*** Opening Material to process ***

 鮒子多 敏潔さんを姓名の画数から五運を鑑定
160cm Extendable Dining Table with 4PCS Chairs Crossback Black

*** Closing Material to process ***
*** Opening Material to process ***

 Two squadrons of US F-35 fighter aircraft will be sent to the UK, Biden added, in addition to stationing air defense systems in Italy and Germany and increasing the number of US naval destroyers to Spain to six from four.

*** Closing Material to process ***
*** Opening Material to process ***

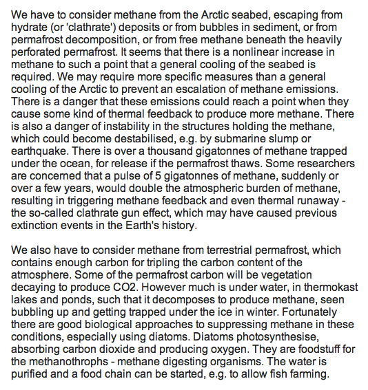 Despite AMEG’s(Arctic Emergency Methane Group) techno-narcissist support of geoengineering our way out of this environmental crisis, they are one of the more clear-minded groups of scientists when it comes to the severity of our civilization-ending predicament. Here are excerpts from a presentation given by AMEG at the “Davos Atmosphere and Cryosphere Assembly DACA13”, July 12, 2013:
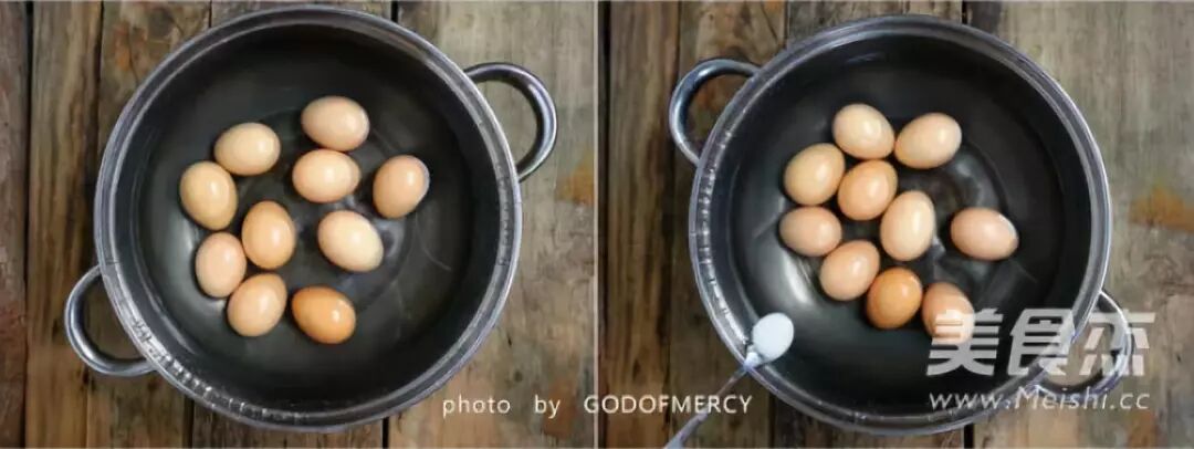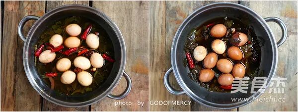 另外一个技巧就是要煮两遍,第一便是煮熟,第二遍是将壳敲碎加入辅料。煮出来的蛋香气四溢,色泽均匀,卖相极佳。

*** Closing Material to process ***

Reproduce word for word the material above, starting with the line that has "鮒子多 敏潔さんを姓名の画数から五運を鑑定" and stopping after the line that has "160cm Extendable Dining".

 鮒子多 敏潔さんを姓名の画数から五運を鑑定
160cm Extendable Dining Table with 4PCS Chairs Crossback Black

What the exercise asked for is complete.